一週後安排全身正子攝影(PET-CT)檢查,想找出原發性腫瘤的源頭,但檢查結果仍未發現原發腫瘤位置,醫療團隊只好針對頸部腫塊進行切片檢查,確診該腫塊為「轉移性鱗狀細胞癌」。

...

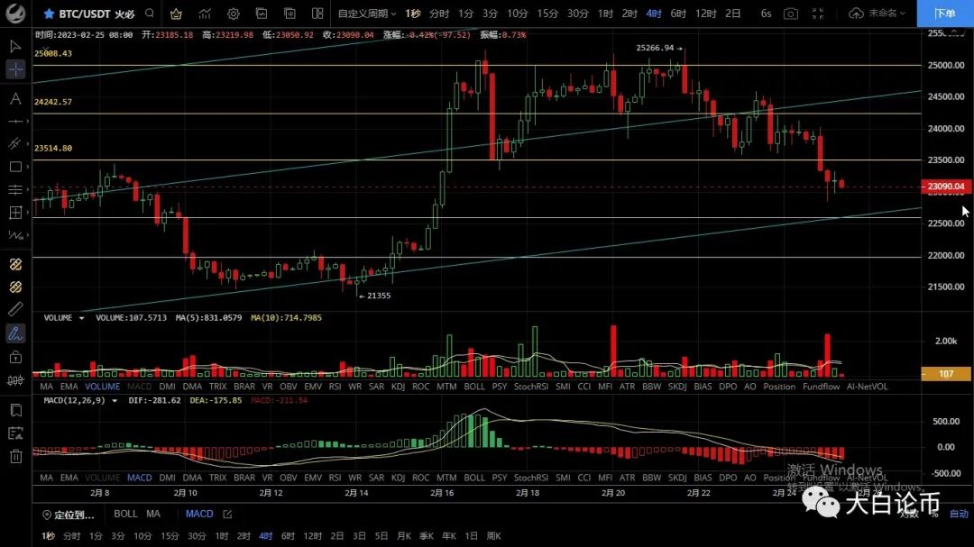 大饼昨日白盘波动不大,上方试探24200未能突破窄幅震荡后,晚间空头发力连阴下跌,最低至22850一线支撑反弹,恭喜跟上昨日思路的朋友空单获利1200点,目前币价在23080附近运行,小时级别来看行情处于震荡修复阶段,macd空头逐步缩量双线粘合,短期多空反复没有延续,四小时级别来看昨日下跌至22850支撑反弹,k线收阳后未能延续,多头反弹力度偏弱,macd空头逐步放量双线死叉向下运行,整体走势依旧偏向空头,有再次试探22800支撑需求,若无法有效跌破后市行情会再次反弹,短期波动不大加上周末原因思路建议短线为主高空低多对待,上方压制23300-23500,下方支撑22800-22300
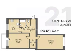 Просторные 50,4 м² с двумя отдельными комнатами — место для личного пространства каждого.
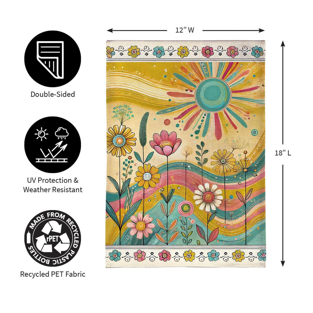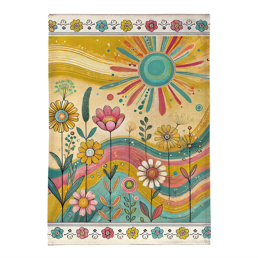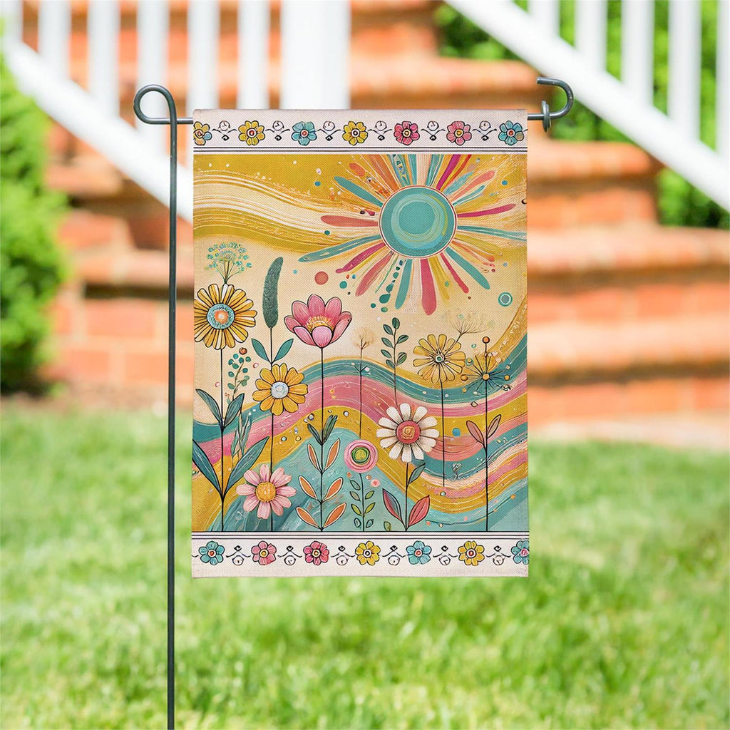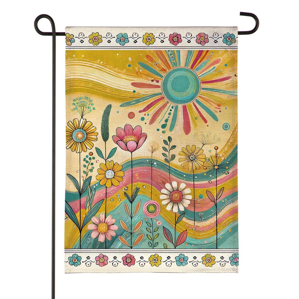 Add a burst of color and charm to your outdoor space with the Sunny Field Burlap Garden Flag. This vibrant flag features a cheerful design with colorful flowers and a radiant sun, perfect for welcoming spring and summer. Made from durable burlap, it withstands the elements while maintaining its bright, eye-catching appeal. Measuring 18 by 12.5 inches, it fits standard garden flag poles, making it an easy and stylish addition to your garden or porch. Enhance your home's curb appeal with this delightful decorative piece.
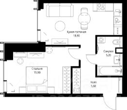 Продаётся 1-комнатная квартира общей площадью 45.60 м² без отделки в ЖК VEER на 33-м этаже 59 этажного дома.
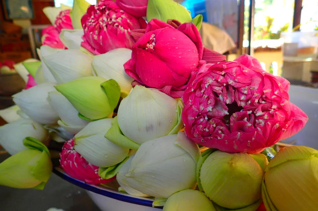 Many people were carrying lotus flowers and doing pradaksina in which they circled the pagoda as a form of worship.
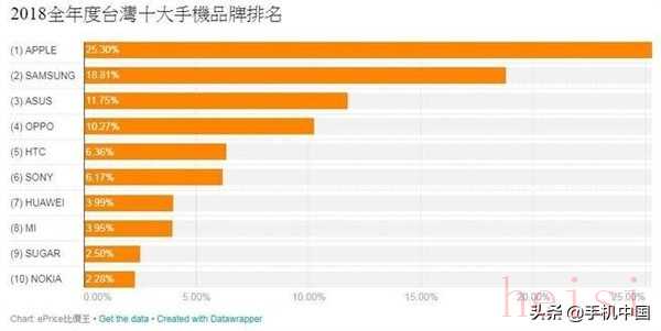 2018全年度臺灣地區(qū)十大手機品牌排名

==

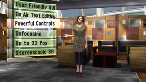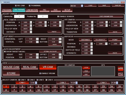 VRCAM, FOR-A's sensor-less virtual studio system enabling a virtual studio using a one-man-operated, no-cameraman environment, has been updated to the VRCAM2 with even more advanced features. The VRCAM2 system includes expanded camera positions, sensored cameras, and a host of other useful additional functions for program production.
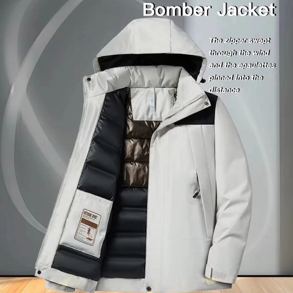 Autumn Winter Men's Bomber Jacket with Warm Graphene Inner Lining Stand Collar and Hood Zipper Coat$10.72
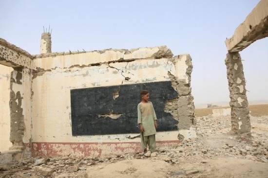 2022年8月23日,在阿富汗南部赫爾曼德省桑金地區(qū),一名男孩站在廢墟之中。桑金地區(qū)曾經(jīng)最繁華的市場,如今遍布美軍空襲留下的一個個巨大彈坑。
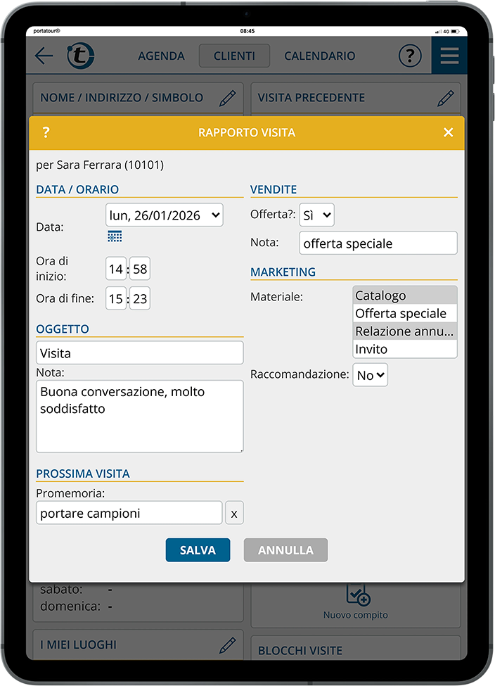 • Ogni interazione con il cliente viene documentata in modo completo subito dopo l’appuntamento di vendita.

What to do ▸ In the listing above, find the line containing "Autumn Winter Men's" and the line containing "l’appuntamento di vendita.", then write out both of them and every line between, exactly, with no pictures.

Task solution ▸
 Autumn Winter Men's Bomber Jacket with Warm Graphene Inner Lining Stand Collar and Hood Zipper Coat$10.72
 2022年8月23日,在阿富汗南部赫爾曼德省桑金地區(qū),一名男孩站在廢墟之中。桑金地區(qū)曾經(jīng)最繁華的市場,如今遍布美軍空襲留下的一個個巨大彈坑。
 • Ogni interazione con il cliente viene documentata in modo completo subito dopo l’appuntamento di vendita.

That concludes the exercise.